Similar were, Albany, Missouri, James and Yellowstone. 

Regards.


----------



## Aurora Dave (Jun 12, 2018)

Hi I was on one or the Royal Navy ships Hms Aurora that attened the Yellowstone on her final day.
Dave


----------



## R.A. (Sep 14, 2020)

My father was one of the men injured during the collision.


----------



## F. W. Cole (Nov 11, 2020)

R.A. said:


> My father was one of the men injured during the collision.


I was 3rd AE on the Yellowstone when the collision happened, working in the engine room. 3 of my shipmates in the engine room lost their lives, I and another engineer managed to escape out the stack. A British Navy sub surfaced right next to us after the collision, and sent over damage control and first aid teams. I was able to take a few pictures of the ships and lifeboat before we were taken off, and still have the pictures, not the film


----------



## Ed Barnes (Feb 24, 2021)

I believe my dad (Tom Barnes) was Chief Engineer that day. I have always wondered about the details of the collision. I was 10 when it happened. Yesterday I started really digging and found a Redditt forum for merchant marines. I described the accident and someone sent me this link from the National Academies of Sciences, Engineering, and Medicine:

NASEM Link

My wife is an absolute PhD when it comes to Googling. She was the one who led me here and found a link to the official report of the accident:

Official Accident Report

I had been told growing up that the freighter in question was Turkish and not Algerian and that it was the other guy's fault. Aside from that, the details I remembered were accurate as far as where the accident occurred, where his ship was impacted, the role the Royal Navy played in rescue, and that the Yellowstone sank after the other ship was pulled away. I didn't even know the name of the ship until yesterday. I also knew men died that day, his men, but didn't know how many until yesterday. If any family members are reading this, please accept my condolences.

Anyone know what happened from a legal standpoint? I vaguely remember my dad having to travel to New York to testify about the accident.


----------



## F. W. Cole (Nov 11, 2020)

Ed Barnes said:


> I believe my dad was Chief Engineer that day. I have always wondered about the details of the collision. I was 10 when it happened. Yesterday I started really digging and found a Redditt forum for merchant marines. I described the accident and someone sent me this link from the National Academies of Sciences, Engineering, and Medicine:
> 
> NASEM Link
> 
> ...


I had only been on the ship about 10 days, joining in Duluth, we were headed for Tunisia with a load of grain. It was the captain's first trip as skipper. I think the other ship was at fault, and the Yellowstone had the right of way, I;m not certain, We were headed east in a heavy fog, and the other ship was going south to north, from Africa towards Gibraltar, more or less. They hit us on the stbd side, in the aft part of the ship, at the stack, so they were approaching from our starboard side. I know we tried to raise them on the radio, I was later told there was no one on the bridge of the other ship. I was very fortunate to escape, as the 2 engine crew that were working with me both died in the collision.


----------



## Ed Barnes (Feb 24, 2021)

F. W. Cole said:


> I had only been on the ship about 10 days, joining in Duluth, we were headed for Tunisia with a load of grain. It was the captain's first trip as skipper. I think the other ship was at fault, and the Yellowstone had the right of way, I;m not certain, We were headed east in a heavy fog, and the other ship was going south to north, from Africa towards Gibraltar, more or less. They hit us on the stbd side, in the aft part of the ship, at the stack, so they were approaching from our starboard side. I know we tried to raise them on the radio, I was later told there was no one on the bridge of the other ship. I was very fortunate to escape, as the 2 engine crew that were working with me both died in the collision.

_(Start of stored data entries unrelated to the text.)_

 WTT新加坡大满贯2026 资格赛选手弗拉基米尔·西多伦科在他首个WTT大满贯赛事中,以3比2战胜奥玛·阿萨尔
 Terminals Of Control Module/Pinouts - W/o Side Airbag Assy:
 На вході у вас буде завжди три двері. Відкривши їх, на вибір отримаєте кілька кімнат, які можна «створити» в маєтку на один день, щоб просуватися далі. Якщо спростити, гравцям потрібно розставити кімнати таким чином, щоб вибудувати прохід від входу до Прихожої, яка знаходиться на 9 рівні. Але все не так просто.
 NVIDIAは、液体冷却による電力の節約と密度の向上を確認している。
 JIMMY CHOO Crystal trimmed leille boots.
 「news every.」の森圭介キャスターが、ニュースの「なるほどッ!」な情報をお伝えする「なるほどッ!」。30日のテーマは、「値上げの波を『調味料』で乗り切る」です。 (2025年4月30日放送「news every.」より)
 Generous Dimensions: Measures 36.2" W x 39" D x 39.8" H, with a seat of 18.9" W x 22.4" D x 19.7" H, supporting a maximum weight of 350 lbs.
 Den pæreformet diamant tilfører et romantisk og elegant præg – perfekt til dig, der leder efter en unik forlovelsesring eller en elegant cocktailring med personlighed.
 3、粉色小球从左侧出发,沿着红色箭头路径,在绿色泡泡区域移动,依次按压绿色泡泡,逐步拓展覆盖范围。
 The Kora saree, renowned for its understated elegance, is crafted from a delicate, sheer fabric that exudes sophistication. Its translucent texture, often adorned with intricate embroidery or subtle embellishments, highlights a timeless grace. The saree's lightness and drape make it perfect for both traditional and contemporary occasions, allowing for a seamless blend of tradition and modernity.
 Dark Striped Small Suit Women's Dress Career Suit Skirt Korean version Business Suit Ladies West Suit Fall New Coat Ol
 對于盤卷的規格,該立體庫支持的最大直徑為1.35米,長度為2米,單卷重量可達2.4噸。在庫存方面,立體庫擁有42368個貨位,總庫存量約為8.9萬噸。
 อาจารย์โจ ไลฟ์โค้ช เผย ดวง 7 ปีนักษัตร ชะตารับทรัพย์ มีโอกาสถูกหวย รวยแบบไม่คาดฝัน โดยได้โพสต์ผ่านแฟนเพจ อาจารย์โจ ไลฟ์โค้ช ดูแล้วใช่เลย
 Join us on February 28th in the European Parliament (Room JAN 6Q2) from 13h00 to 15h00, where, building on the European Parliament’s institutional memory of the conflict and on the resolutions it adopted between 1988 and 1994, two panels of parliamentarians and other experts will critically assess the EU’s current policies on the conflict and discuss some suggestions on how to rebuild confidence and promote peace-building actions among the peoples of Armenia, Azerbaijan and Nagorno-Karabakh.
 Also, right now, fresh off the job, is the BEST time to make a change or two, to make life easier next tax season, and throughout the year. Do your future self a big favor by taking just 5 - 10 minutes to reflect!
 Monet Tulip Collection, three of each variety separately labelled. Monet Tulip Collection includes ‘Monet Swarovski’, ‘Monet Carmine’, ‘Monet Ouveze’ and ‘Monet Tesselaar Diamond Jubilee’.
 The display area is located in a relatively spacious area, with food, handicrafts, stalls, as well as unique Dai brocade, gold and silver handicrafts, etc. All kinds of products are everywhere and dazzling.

Am I correct that my father was chief?

BTW, he passed away in '07 after having routine hip surgery. I believe he transferred to tankers after the collision and ran a route from Texas to California and back, and occasionally to Port Everglade.


----------



## F. W. Cole (Nov 11, 2020)

Ed Barnes said:


> Am I correct that my father was chief?
> 
> BTW, he passed away in '07 after having routine hip surgery. I believe he transferred to tankers after the collision and ran a route from Texas to California and back, and occasionally to Port Everglade.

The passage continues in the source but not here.